Um grupo de amigos, formado por profissionais de diferentes áreas, anda com uma disposição jovial de criar uma Casa da Memória da Infância, um centro de estudos e pesquisas sobre infância. O grupo tem realizado encontros para debates, inclusive com a presença de crianças. Outro dia, com o processo desencadeado, já numa conversa acalorada, após ter contado umas histórias de minhas memórias, uma menina de pouco mais de quatro anos, de súbito, disse ter saudade do seio de sua mãe. Ingênua manifestação que impregnou o ambiente de um ar poético e a constatação de que uma criança é também produtora de memória. Dessas boas memórias que vão constituindo nossos acervos de experiências pessoais e sociais para sempre. E aí podemos registrar e socializá-las, compartilhá-las, publicá-las.
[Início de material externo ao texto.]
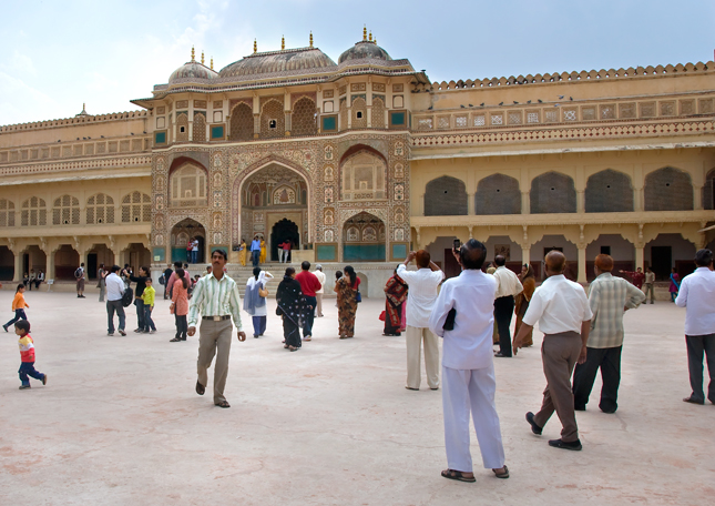Bohatě zdobená brána je propojena ze soukromými komnatami manželek mahárádži.

Carolina Tavares, com seus seis anos de idade, publicou um livro com ajuda da avó, Antonia Kraap. “A natureza pede amor”, da Editora Ibis Libris:

“Quando a natureza muda as estações e faz frio no verão e calor no inverno, a terra não está sendo ajudada a viver bem. Vem o susto e o medo, que nenhuma criança gosta. E os animais também sofrem e morrem. É uma tristeza que ninguém merece. Então eu falo e peço, no meu livro, que todos me escutem para o nosso bem e de toda a terra: Amem a natureza como se ela fosse uma criança como eu, que precisa só de amor! Só amor!”